Musim Panas Hibrida yang Panas di Amerika

musim-panas-hibrida-yang-panas-di-amerika
Musim Panas Hibrida yang Panas di Amerika

Di Eropa, kenaikan harga gas karena Iran dulu membuat pembeli mobil lebih memikirkan mobil listrik dibandingkan sebelumnya.

Penjualan kendaraan baterai-listrik (BEV) naik lebih dari 33 persen pada paruh pertama tahun 2026 dibandingkan waktu yang sama tahun lalu, menurut data diterbitkan oleh konsultan Eropa dan organisasi non-pemerintah bulan ini.
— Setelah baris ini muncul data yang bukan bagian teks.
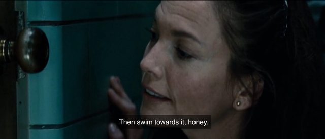 當然這是不可承受之重、孩子聽了全沒被說服,但不久兩個大人笨重拳腳令他邊看邊笑轉移了焦點、再看「超人降落地球」馬上裸男救火大賣肌肉 XD 然後西洋繪畫常見的「十字殉道」本片也玩他也是笑笑... 只是殉道殉到睜開眼睛卻是「鯨魚母子」這就是「親職電影」意象提點:(2) 這是小克拉克初見複雜世面的「小學課堂」戲,小小腦袋瞬間過載無法負荷而焦慮狂奔!孩子回想他一年級腦筋簡單 XD 天真玩樂才沒這焦慮,但中高年級漸漸人際課業師生壓力才藝防疫紛至沓來時、的確也曾覺得「人生怎麼這麼複雜」?我們曾教的「專心致志」在本片則是「游向那小島」。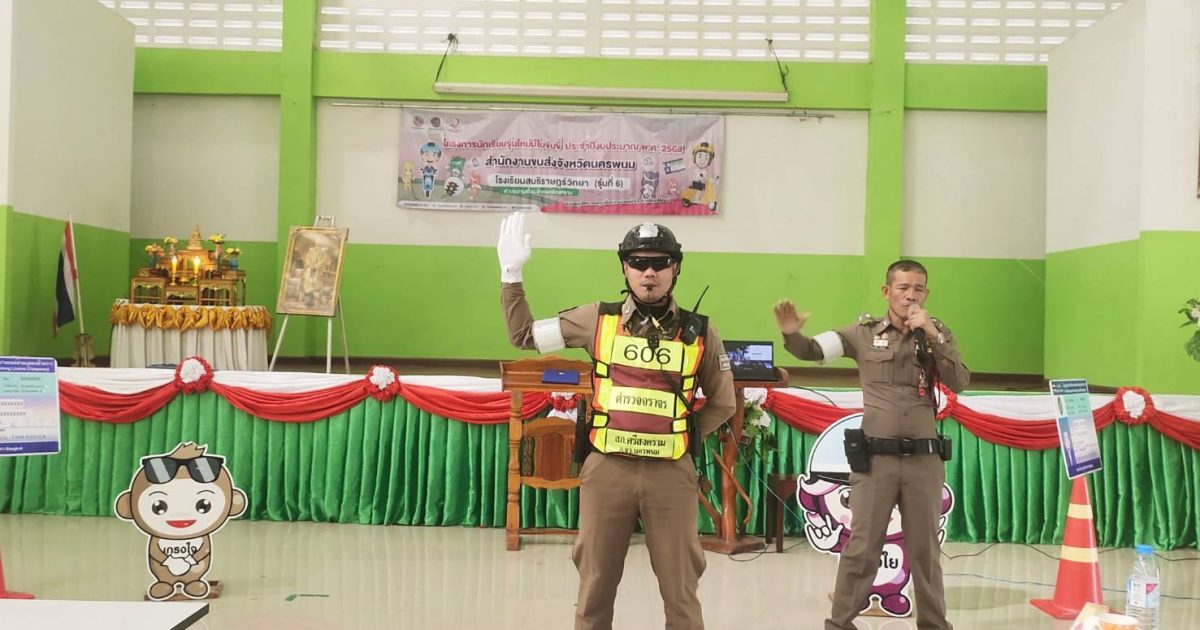 สายตรวจจราจร ว.4 เพื่อบรรยายกฎหมายจราจรเบื้องต้น ตามโครงการการฝึกอบรม นักเรียนรุ่นใหม่มีใบขับขี่ ณ โรงเรียนสนธิราษฎร์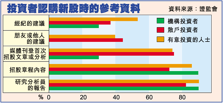 結果又顯示,72.4%的散戶及86.1%的有意投資人士,認為招股書是作出投資決定的重要資料來源(見圖),逾八成依賴分析員的研究報告,逾七成認為在媒體刊載有關新股的文章及分析是重要參考資料。而100%的受訪機構投資者認為,招股書及分析員報告是重要資料來源。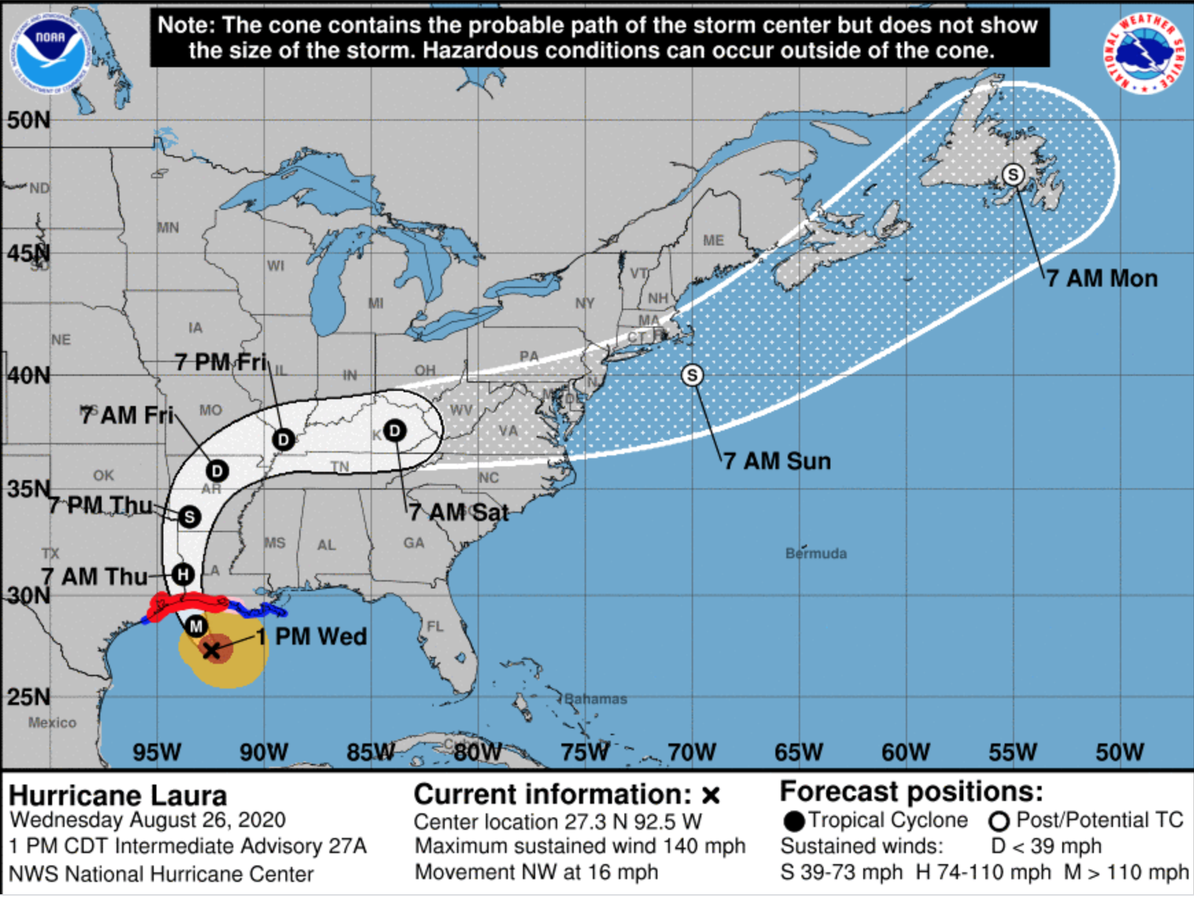 “Reports from an Air Force Reserve Hurricane Hunter aircraft indicate that maximum sustained winds have increased to near 145 mph with higher gusts. Laura is an extremely dangerous category 4 hurricane on the Saffir-Simpson Hurricane Wind Scale. Some additional strengthening is possible this evening before Laura reaches the northwest gulf coast overnight. Rapid weakening is expected after Laura makes over land.”

Hal serupa tidak terjadi di AS. Penjualan listrik hampir naik 15 persen pada kuartal kedua tahun ini dibandingkan dengan kuartal pertama. Tapi secara keseluruhan jumlah EV terjual masih sedikit. Mereka tertinggal jauh dibandingkan proyeksi optimis yang dibuat sebelum pemerintahan Trump membalikkan dukungan federal untuk teknologi tersebutyang mencakup kredit pajak yang besar hingga $7.500, dan sebelum pembuat mobil meresponsnya menelepon kembali milik mereka sendiri rencana listrik.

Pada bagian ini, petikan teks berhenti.